The gene IL10RB (Interleukin 10 receptor beta subunit), located on the long arm of chromosome 21 (21q22.11), encoding a protein of the family of cytokine receptors. It has been shown that coexpression of this protein is required and IL10RA for signal transduction induced by IL10. Dimer IFNLR1 / IL10RB is a receptor for the cytokine ligands and IFNL3 IFNL2 half its antiviral activity. The ligand / receptor complex stimulates activation of the signaling pathway JAK / STAT causing expression of IFN stimulated (ISG), which contribute to the antiviral state genes.

The IL23R gene (Interleukin 23 receptor), located on the short arm of chromosome 1 (1p31.3), encoding the protein receptor for interleukin 23. This protein is embedded in the cell membrane of various types of immune system cells, including T cells, natural killer (NK) cells, monocytes and dendritic cells. These cells identify foreign substances and defend the body against infection and disease. Cell surface receptor, interleukin 23 interacts with a protein called interleukin 23. When interleukin 23 protein binds to its receptor, a series of chemical signals within the cell are fired. These signals promote inflammation and help coordinate the immune system 's response to foreign invaders such as bacteria and viruses.

The gene IRF5 (Interferon regulatory factor 5), located on the long arm of chromosome 7 (7q32), encoding a regulatory protein called interferon factor 5 (IRF5), which acts as a transcription factor. When a virus is detected in a cell, the gene encodes IRF5 IRF5 protein. The protein binds to specific DNA regions that regulate the activity of genes encoding interferons and other cytokines. Cytokines are proteins that help fight infection and inflammation by regulating the activity of immune system cells. In particular, interferons control the activity of genes that help block virus replication, and stimulate the activity of certain immune system cells known as natural killer cells (NK cells).

The PTPN2 (protein tyrosine phosphatase, non-receptor type 2), located on the short arm of chromosome 18 (18p11.3-p11.2), encodes a protein family member protein tyrosine phosphatase (PTP). Members of the PTP family share a highly conserved catalytic motif that is essential for catalytic activity. PTPs are known to be molecules that regulate a variety of cellular processes including cell growth, differentiation, mitotic cycle, and transforming oncogene signaling.

The inheritance pattern of ulcerative colitis is unknown because that may be involved many genetic and environmental factors. Although the inheritance pattern of this disease is unclear, having a relative with ulcerative colitis increases the risk of developing the disease.

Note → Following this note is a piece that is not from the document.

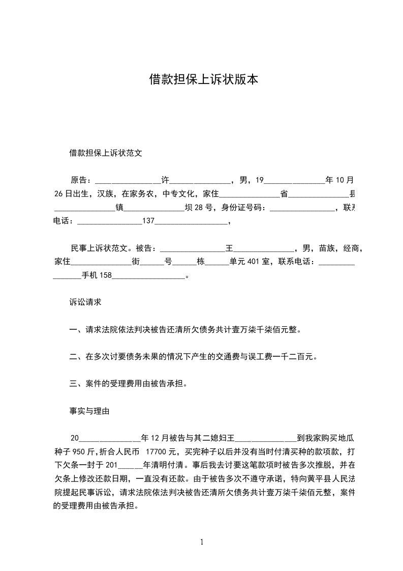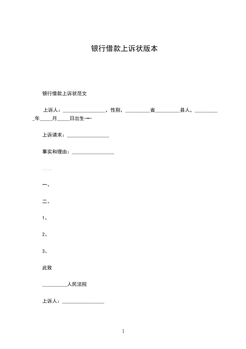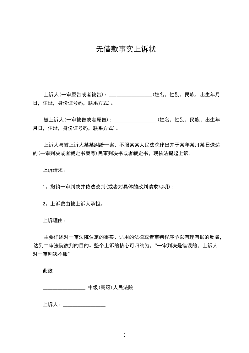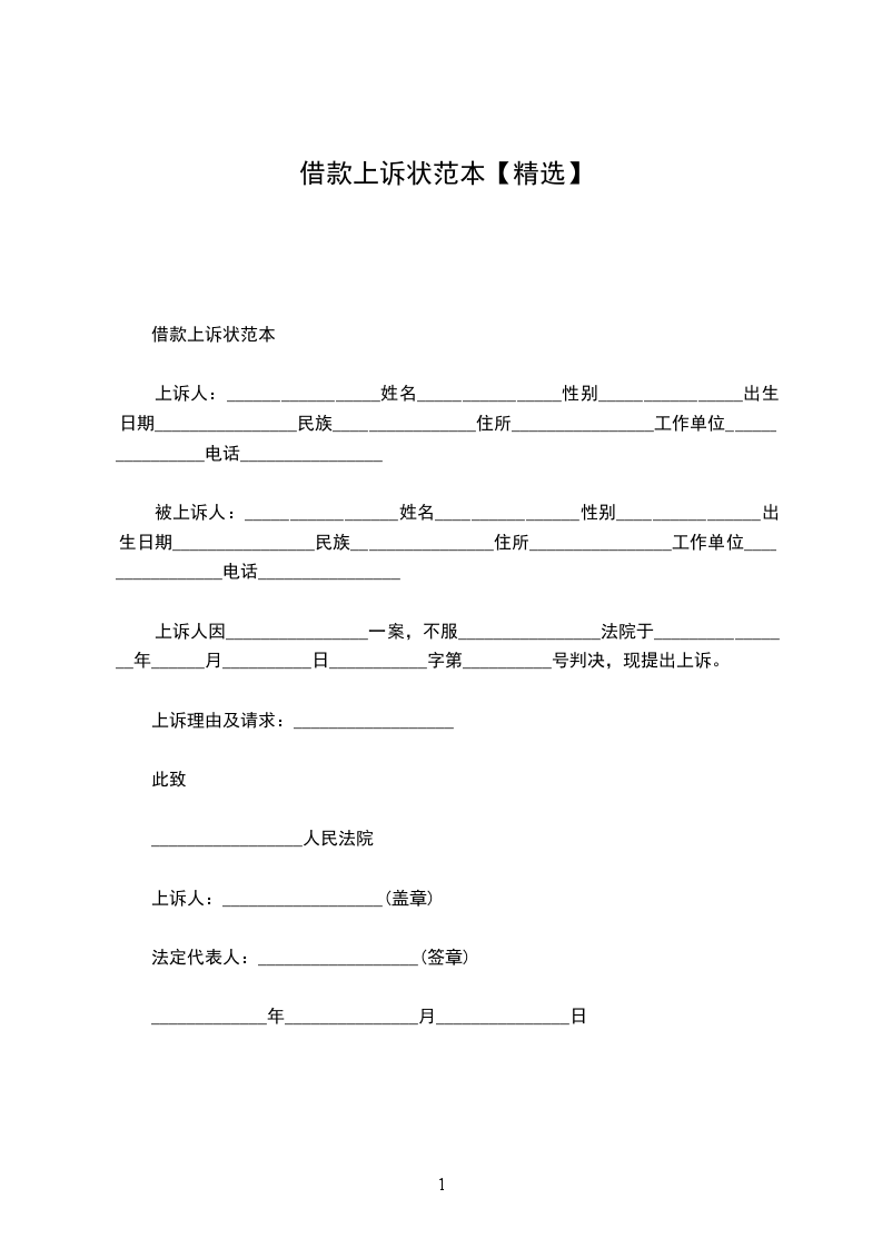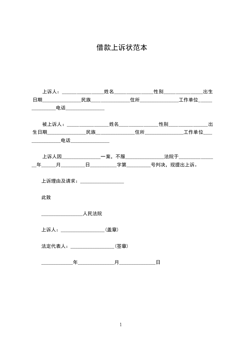 上诉人:_________________姓名________________性别________________出生日期________________民族________________住所________________工作单位________________电话________________
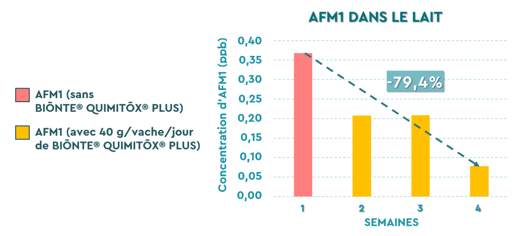 L’ajout de BIŌNTE® QUIMITOX® PLUS à l’alimentation des animaux a permis d’observer une réduction drastique et durable de la toxine dans le produit final. Au cours de la première semaine de contrôle initial, la concentration d’AFM1 dans le lait s’élevait à environ 0,37 ppb. Après le début de la supplémentation, une baisse significative a été observée au cours des deuxième et troisième semaines, atteignant son point de remise maximale à la quatrième semaine avec des niveaux d’environ 0,08 ppb. À l’issue de l’étude, BIŌNTE® QUIMITOX® PLUS a démontré sa grande capacité d’adsorption et de bioprotection en obtenant une réduction totale de 79,4 % de la concentration d’AFM1 dans le lait par rapport aux valeurs initiales.

Tests in IVAMI: in IVAMI perform detection of mutations associated with ulcerative colitis, by complete PCR amplification of the exons of ABCB1, IL10RA, IL10RB, IL23R, IRF5 PTPN2 or genes, respectively, and subsequent sequencing.

Samples recommended: EDTA blood collected for separation of blood leukocytes, or impregnated sample card with dried blood (IVAMI may mail the card to deposit the blood sample).